APTEL Comes Down on State Electricity Regulators for Delay in Tariff Revision

APTEL has given a deadline of October 31, 2019, for state electricity commissions to provide information on the same

September 24, 2019


The Appellate Tribunal for Electricity (APTEL) has directed the state and joint electricity regulatory commissions to explain the delay in the revision of the tariff, lack of payments to the distribution companies (DISCOMs) and gaps in revenue over the last three fiscal years.
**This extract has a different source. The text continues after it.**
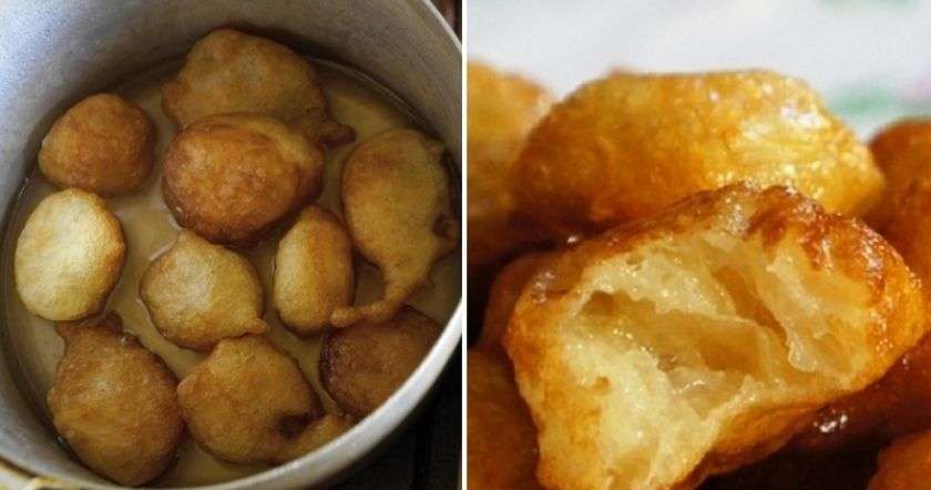 - Когда тесто подойдет, нагрей стакан масла в сотейнике или фритюрнице, с помощью ложки выкладывай тесто в масло и обжаривай с двух сторон до подрумянивания.

The matter dates back to a letter from the secretary to the Ministry of Power, written in January 2011. The letter laid out various challenges faced by distribution utilities which resulted in a serious impact on the financial status of the electricity sector. The matter was discussed, and the tribunal directed state electricity regulatory commissions that an annual performance review, true-up of past expenses, annual revenue requirement (ARR), and tariff determination must be conducted yearly on a timely basis.

However, state commissions of Andhra Pradesh, Manipur, Mizoram, Jharkhand, Punjab, Meghalaya, Tamil Nadu, and West Bengal have not been complying with those directions of the tribunal passed in November 2011. Following are the latest directions of the tribunal:

“We direct all the state and joint regulatory commissions to furnish the necessary information to the secretary of Forum of Regulators, who shall in turn file compilation of compliance reports before this tribunal. This exercise is to be completed on or before 31.10.2019.”

According to APTEL, the delay in tariff revisions was one of the main reasons for the financial stress that the state DISCOMs were witnessing. Currently, state DISCOMs owe power generators more than ₹525 billion ($7.4 billion).

Recently, the Central Electricity Authority’s (CEA) report stated that the total payment due for 513 renewable projects now amounts to ₹97.36 billion (~$1.36 billion) as of July 31, 2019, thus  showing an increase of nearly ~₹15 billion (~$0.21 billion) compared to the previous figure of ₹82.3 billion (~$1.14 billion) for the same period.

In May 2019, Mercom reported that payment delays were becoming a problem again for solar and wind project developers in India, especially in Andhra Pradesh, Tamil Nadu, and Telangana.